Kersten, Erik, ed. “Giovanni Battista Piranesi.” Escher in Het Paleis. November 14, 2020. Accessed. August 17, 2020. 
 
Parshall, Peter. “Giovanni Domenico Tiepolo: The Pastiche as Capriccio.” Print Quarterly Vol. 28, No. 3 (September, 2011): 327-330.

Notes:
[i] Sarah Vowles, Piranesi drawings: visions of antiquity (London: British Museum, 2020), 9.Piranesi was so skillful at realistically exaggerating architectural perspective that when visited Rome, Goethe, after studying Piranesi’s etchings, thought its monuments smaller than expected and thus disappointing.
[ii] Ibid., 68.
[iii] Peter Parshall, “Giovanni Domenico Tiepolo: The Pastiche as Capriccio.” Print Quarterly Vol. 28, No. 3 (September, 2011): 327.
[iv] Ibid.
[v] Erik Kersten, ed., “Giovanni Battista Piranesi.” Escher in Het Paleis, November 14, 2020, accessed August 17, 2020,
[vi] Bart Verschaffel, “The trophy figure in the work of Giorgio De Chirico (and Piranesi),” The Journal of Architecture 15 no. 3, 351.

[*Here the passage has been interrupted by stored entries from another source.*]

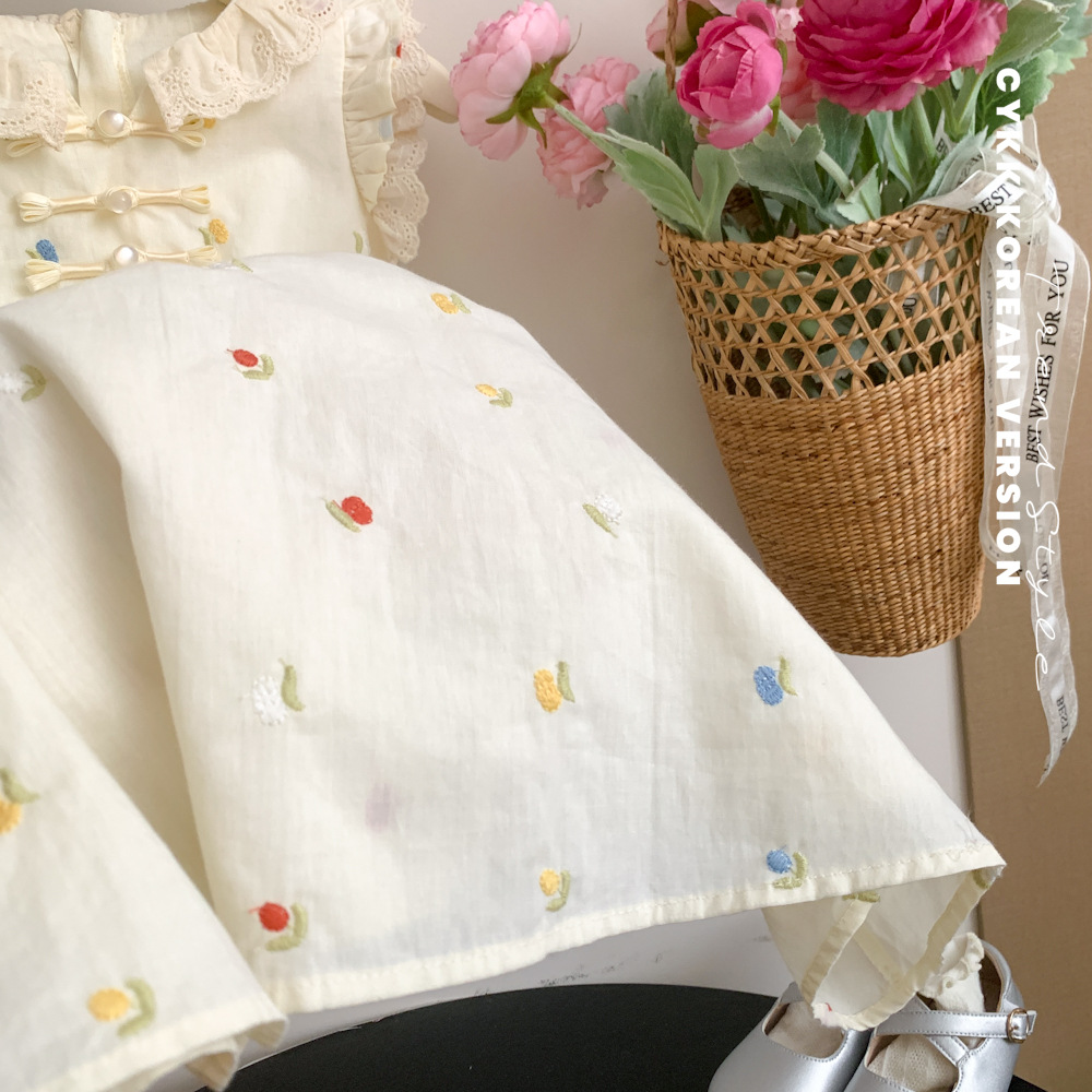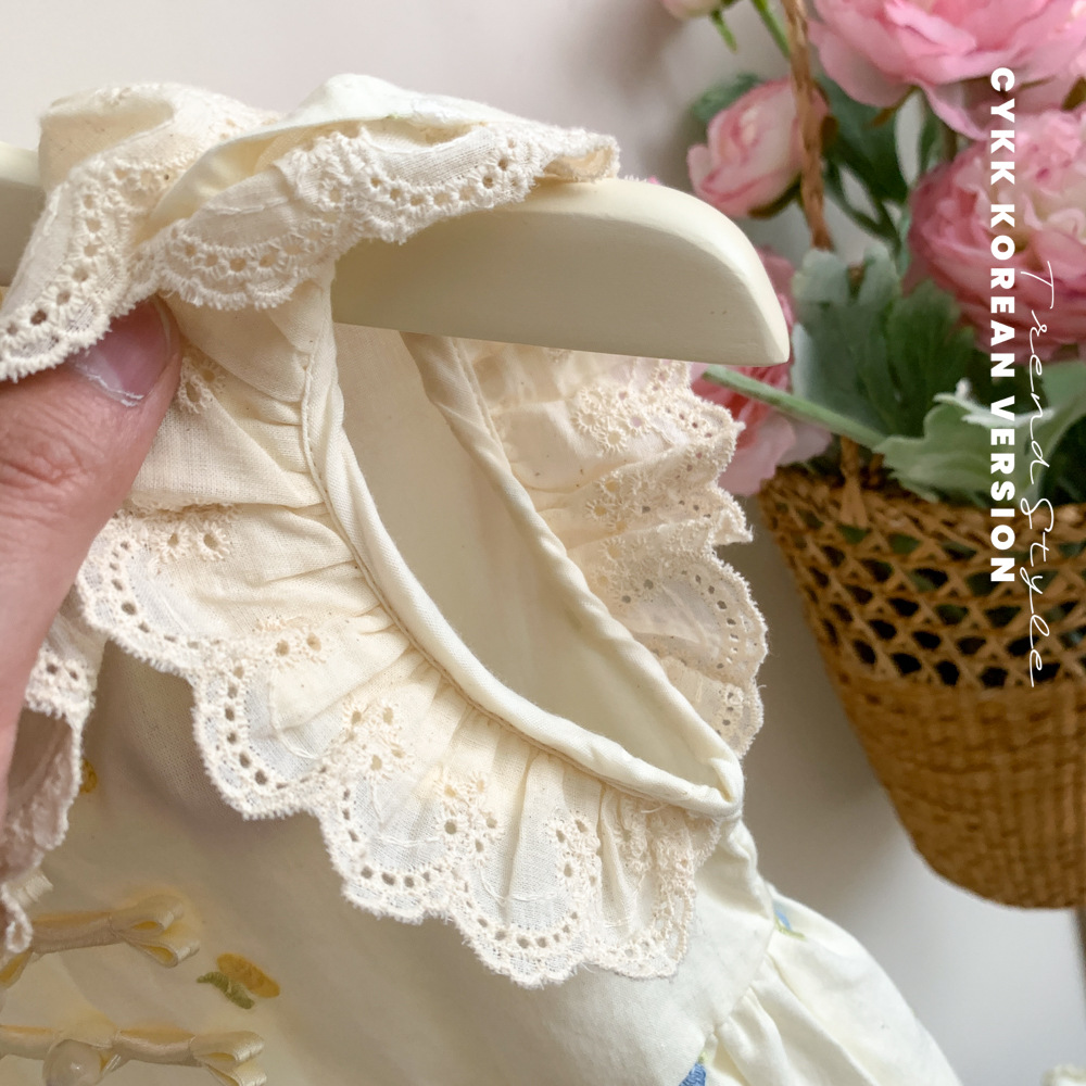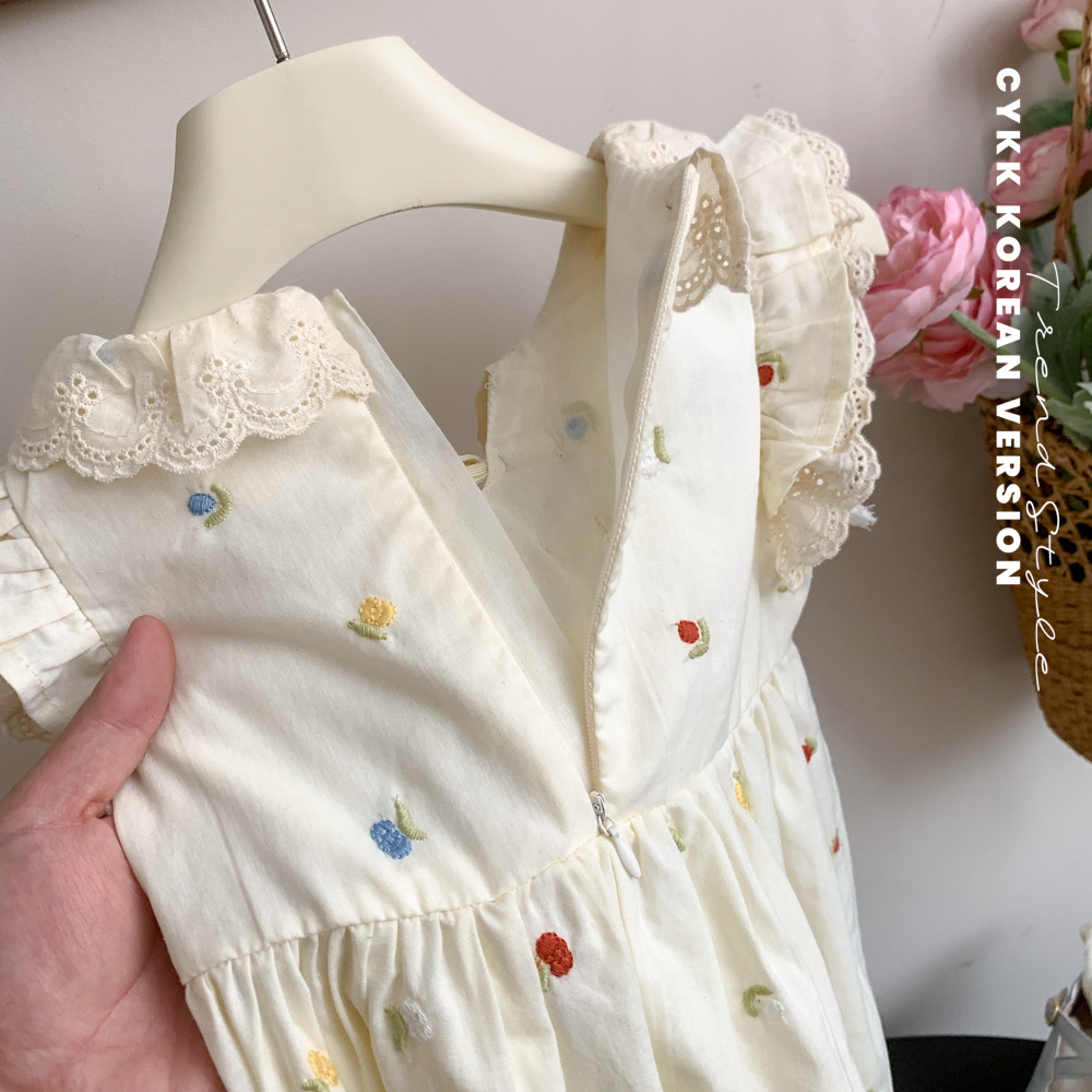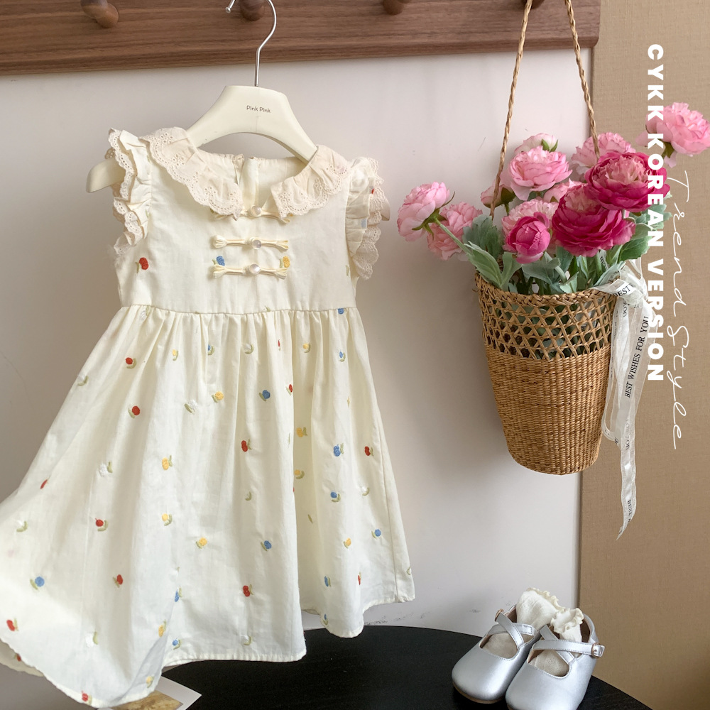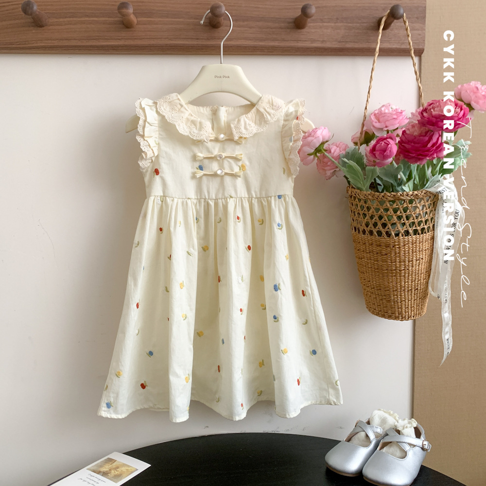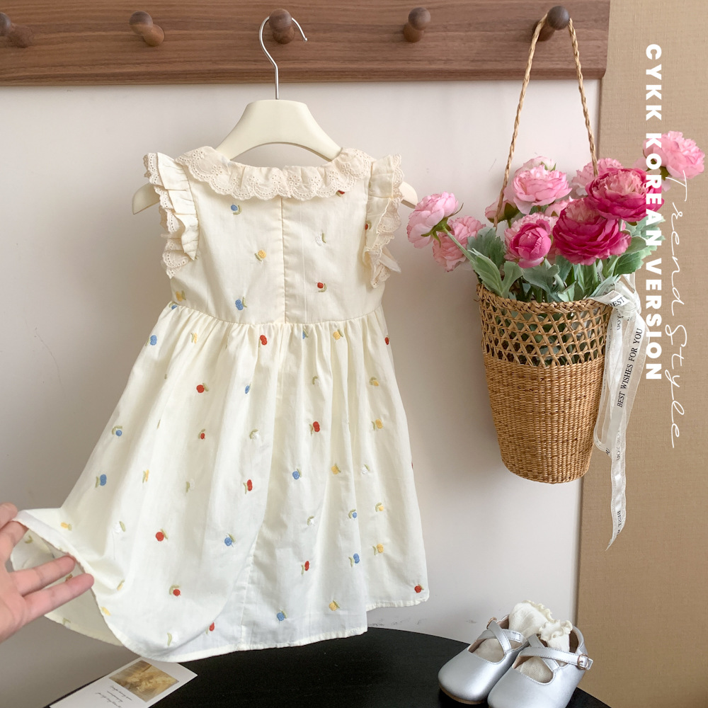 CYKK 한국 스타일 2024 여름 새 소녀의 레이스 레이스 플라잉 슬리브 무거운 자수 달콤한 조끼 트렌디 원피스스토어 가기
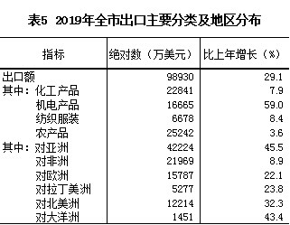 全年进出口总额11.58亿美元,比上年增长21.7%。其中,出口9.89亿美元,增长29.1%;进口1.69亿美元,下降8.8%。从贸易方式看,一般贸易进出口11.01亿美元,增长22.4%;进料加工贸易0.56亿美元,增长9.8%。
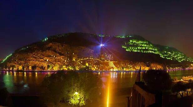 龙门石窟不仅仅是白天游览,晚上的风景也十分值得一看,当现代的霓虹碰撞上恢宏的石窟建筑群,大饱眼福,震撼人心。
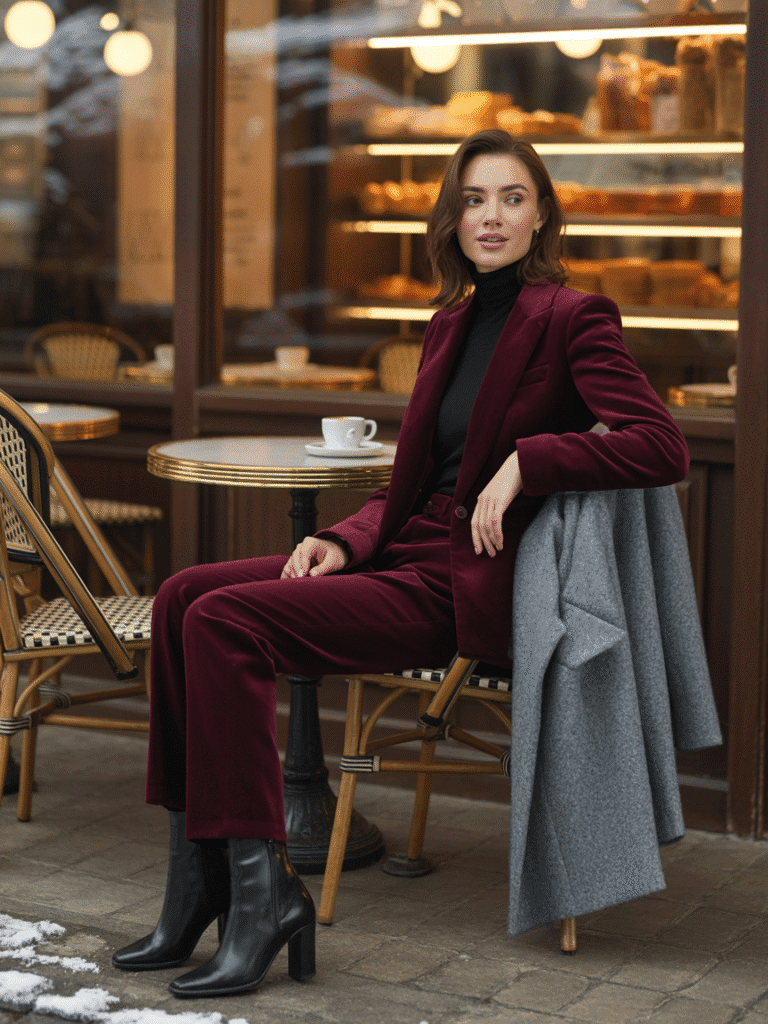 For bold winter tailoring, a velvet suit delivers luxury and warmth at once.
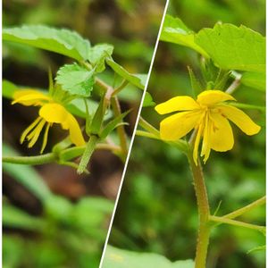 カラスノゴマ 雑木林で黄色いお花を見つけました☺️✨ 花の真ん中から5本の長い仮雄蕊があるのが特徴的💡
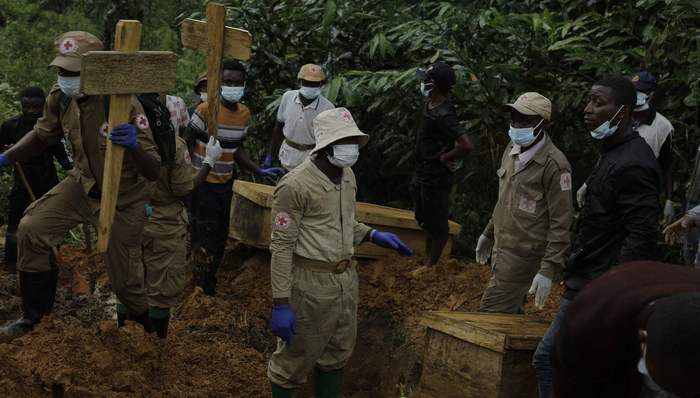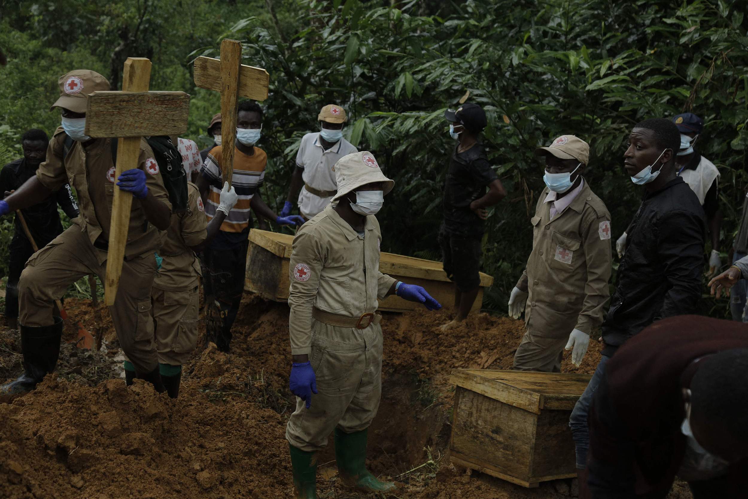 2025年9月10日,刚果(金)恩托约,红十字会志愿者在一场葬礼上围在棺材旁,棺材中是“民主同盟军”袭击事件遇难者的遗骸。来源:视觉中国

[vii] “Piranesi and the modern age,” National Museum—Architecture, accessed August 17, 2021.
[viii] Alfred H. Barr, Jr., Fantastic art, dada, surrealism (New York: MOMA, 1936), 203-204.
[ix] Ibid.
[x] “Carceri d’Invenzione, Les Prisons Imaginaires de Gian-Battista Piranesi. 12 prints of the facsimilie edition published by the Club International de Bibliophilie de Monaco el 1961,” Fundació Gala - Salvador Dalí, acessed August 16, 2021.